Symbol, Food as
SYMBOL, FOOD AS
SYMBOL, FOOD AS. A symbol is an object, image, or action that is conventionally understood to represent something else. Food is particularly powerful as a symbol because it is so deeply embedded in everyday as well as celebratory life, and can therefore be read in many ways. Because it fulfills physical as well as emotional and psychological needs, it may be intentionally utilized as a symbol in some instances but not in others. And because food engages all the senses, it tends to evoke strong sensory and emotive as well as cognitive associations. This range of association adds to the potential symbolic power of food.
Three properties of symbols as defined by anthropologist Victor Turner are clearly demonstrated in food. The first is condensation: many ideas or actions are represented in a single formation. For example, turkey represents the American holiday of Thanksgiving, standing for the family gatherings, feasts, specific menus, and football games that commonly occur with the celebration. A second property is unification: symbols link disparate references. The turkey as symbol evokes abundance of natural resources, a romanticized New England heritage, patriotism, family harmony, and the fall season. The final property of symbols is polarization of meaning: they contain both ideological meanings (representing values, ethos, social norms) and sensory meanings (related to the objective properties of the symbol and representing physical aspects of life), merging these two poles and grounding conceptual references in felt experience. For example, apple pie is an American symbol of both patriotism and maternal nurturing, strengthening the referential power of each yet also lending the emotional associations of each to the other.
Foods become symbolic either through the presence of analogous qualities or by association in fact or thought with a particular reference.

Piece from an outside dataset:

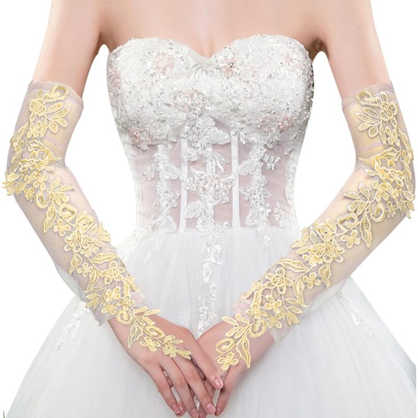 - 【Champagne Fingerless Gloves For Women】Fingerless Gloves With Come In Classic Colors, Total Length: Approx 50 Cm/19.68 Inches, Bridal Wedding Lace Gloves, With Fingerless Design. Suitable For All Women, Easy To Adjust And Wear, Lace Glove Are Made Of Premium Tulle Flowers Pattern , Light In Weight, Super Soft And Breathe, Looks More Charming And Elegant. Be Easily Matched With Different Outfits, Such As Wedding Dresses, Banquet Dresses, Party Dresses, Etc.

Analogous, or like, qualities include the physical structure or appearance of the item, its texture, color, flavor, and even its nutritional components. For example, bananas are commonly used to represent a phallus; apples used to represent wholesomeness and innocence, as in "apple-cheeked children"; peaches to represent female attributes; caffeinated drinks to represent energetic and fun-filled personalities or activities.

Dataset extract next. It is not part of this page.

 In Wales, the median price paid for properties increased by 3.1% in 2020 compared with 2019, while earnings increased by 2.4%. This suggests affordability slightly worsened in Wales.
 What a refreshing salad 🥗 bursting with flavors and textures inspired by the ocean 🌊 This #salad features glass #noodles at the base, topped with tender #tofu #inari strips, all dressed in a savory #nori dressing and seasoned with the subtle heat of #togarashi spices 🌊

Symbolic references for foods are also developed by association in fact or thought. Cherry blossoms bloom in early spring and are therefore used as a symbol to celebrate the change in season. Similarly, other crops ripen in the fall and become associated with that season. In the United States, pumpkins, corn, and apples are used to celebrate both autumn and the harvest-based holidays falling within that season.
Symbolic foods that develop their meanings through use and practice over time are "organic" symbols; they emerge from everyday usage, and their meanings are seemingly logical and inevitable within that cultural context. Symbols can also be created and imposed upon a culture. For these "invented symbols," individuals or institutions intentionally attach particular meanings to a food and attempt to control the interpretation given to that food.
As communicative tools, symbols can be manipulated for a multitude of purposes, on a personal as well as a cultural level. Food symbols are commonly exploited in marketing and advertising. Restaurant chains frequently attempt to associate themselves with a particular food item, for example, Red Lobster and Long John Silver with seafood, Wendy's with chili and square hamburgers, MacDonald's or Burger King with hamburgers and french fries. Similarly, advertising symbols can become attached to particular foods: the Jolly Green Giant with vegetables, Aunt Jemima with pancakes, the dignified Quaker with oatmeal.
Food's symbolic potential is also utilized for national, ethnic, and regional identity and pride. Americans rally around hot dogs, Spaniards around ham, Koreans around kimchi. Conversely, specific foods may be held up as distinguishing one group from another and as demonstrating that group's lesser worth.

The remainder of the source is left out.